Fig 5. Innate immune fitness is altered with pre-exposure to mRNA-LNP.

A). Experimental model. Two weeks post-exposure to PBS or eGFP mRNA-LNP the animals were infected with sublethal doses of PR8 HA influenza or Candida albicans. The weights and other attributes were monitored as depicted. B). Percent of body weight drop after PR8 HA influenza infection, and the corresponding AUC changes. C). Viral copies in the lungs. D). Percent of body weight drop after Candida infection, and the corresponding AUC changes. E). Candida CFU numbers in the kidneys. F). Representative flow plots for neutrophils (gated on live cells/CD45⁺/Ly-6G⁺CD11b⁺) in the PBMCs of PBS or mRNA-LNP exposed mice, and the summary bar graph. G). Candida albicans (CA) killed rate in a candidacidal assay. H). Number of CA killed per neutrophil. Each dot represents a separate mouse. The data were pooled from 2–3 independent experiments. Welch’s t test was used to establish significance. ns = not significant. *p<0.05, **p<0.005, ***p<0.0005, ****p<0.0001. Figures were drawn by the authors using BioRender.

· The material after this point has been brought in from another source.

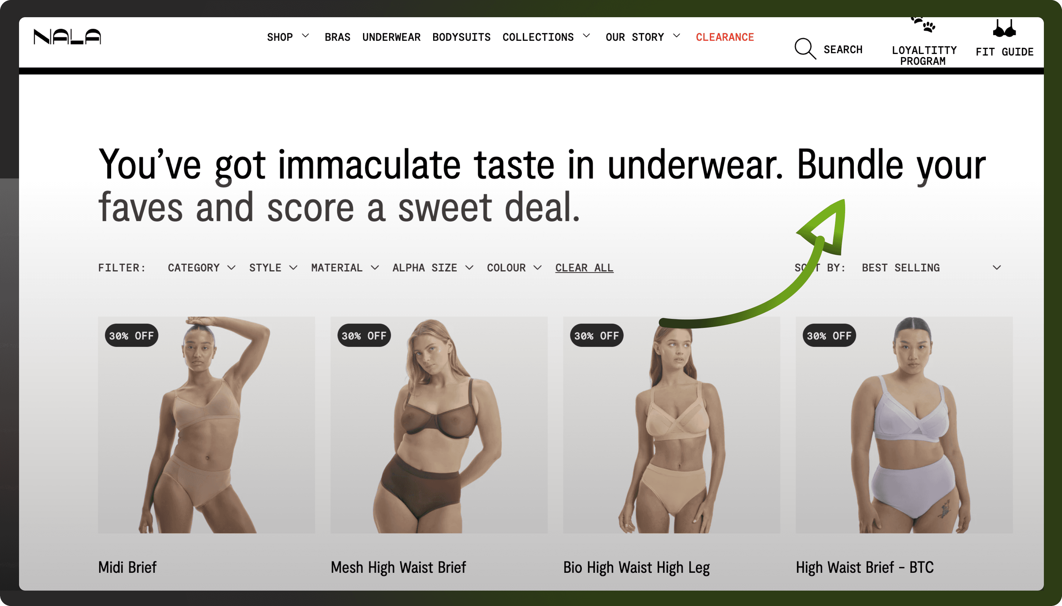 When Nala introduced this approach with their interactive bundle builder for underwear, 10% of their sales started coming from bundles—letting customers mix and match designs and sizes just like they would in a physical store.

Fig 6. Immune changes induced by the mRNA-LNP platform can be inherited.

A). Experimental model. Adult WT B6 male and female mice were intradermally immunized with 10 μg of mRNA-LNP coding for influenza PR8 HA. Two weeks post-immunization the mice were mated. Non-immunized males mated to non-immunized females served as controls (DMN; dad-mom non-immunized). Immunized males with unimmunized (DI; dad immunized) or immunized females (DMI; dad-mom immunized), and immunized females with unimmunized males (MI; mom immunized). Offspring from 1^st, 2^nd, and 4^th litters at eight-ten weeks of age were intranasally inoculated with a sublethal dose of PR8 influenza and weight monitored for 14 days. B). Percent of body weight drop after influenza infection (upper), and the corresponding AUC changes (lower). The data are from one experiment using litters from 3 separate mating. The number of mice (female/male) from 1^st litters used for influenza challenge was 6/7 (DMN), 8/6 (DI), 3/9 (MI) and 8/7 (DMI); for the 2^nd litters 1/3 (DMN), 6/9 (DI), 7/5 (MI) and 6/2 (DMI); for the 4^th litters 2/9 (DMN), 8/13 (DI), 9/7 (MI) and 7/8 (DMI). One way ANOVA was used to establish significance. ns = not significant. ***p<0.0005, ****p<0.0001. Figures were drawn by the authors using BioRender.